With his chilly stare Powell came across as slightly unhinged, an impression that his incendiary later prophecy about immigration would only reinforce. But on this, at least, there is no question that Powell was right. Powell had spent the pivotal years of the war in the Middle East. He had witnessed the fraught Casablanca conference between Churchill and Roosevelt in 1943 where, the president’s chief of staff admitted, “there was too much anti-British feeling on our side.” And he was by no means the only man to see Britain and the United States as rivals in the region. His political opponent Richard Crossman wrote that the Americans represented “the greatest danger to British rule in the Middle East today,” after visiting Palestine in 1946. Nor was the feeling confined to the British. Two years later the American spy Kim Roosevelt, who had also served in Cairo in the war, remembered “times when British representatives on the spot were, in defiance of London’s instructions, doing all in their power to knife their American opposite numbers and… Americans on the scene whose every act was inspired by a desire to ‘do the British in’.” A further, postwar tour of the area reinforced his view that “actually Americans and British in the Middle East get along rather badly.”

All this is now forgotten history. During the Cold War, Britain and the United States tried not to draw attention to their differences, and to this day the British government retains over a hundred-meters-worth of files about its ally that it would rather not declassify. It is clearly best not to let too much light in upon the magic. This policy of secrecy and the Anglo-American coalitions in the Persian Gulf in 1991 and in Iraq again after 2003 have helped obscure a fact that was once common knowledge: from 1942 until Britain’s exit from the Gulf in 1971, Britain and the United States were invariably competitors in the Middle East and often outright rivals. As this book will show, the joint Anglo-American effort to oust the Iranian prime minister Mohammed Mosaddeq in 1953—so often produced as evidence of Anglo-American collusion—was the exception, not the rule.

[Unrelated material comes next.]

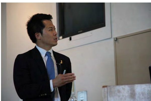
▲朴室長/専任講師による国際大会におけるボランティア活動の意義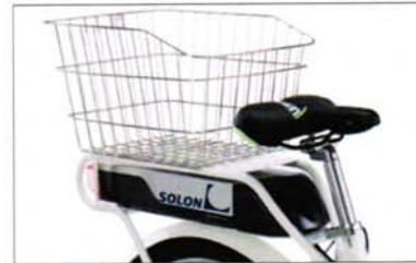
ACCESSORI OPZIONALI E DETTAGLI PRODOTTO

THIS IS A fascinating chapter in a long-running story because the Middle East has served as an arena for great power conflict since the beginning of recorded time. In the first half of the twentieth century, Britain and France were the great powers of the day. Midway through the First World War they carved up the Ottomans’ Arab territory between them and, once they had won the war, then subdivided it into mandates, which they went on to rule for the best part of thirty years. The French left in 1946, chased out by Lebanese and Syrian nationalists who had had surreptitious British help. Any British sense of victory was short-lived because a new contest, with the United States, then followed.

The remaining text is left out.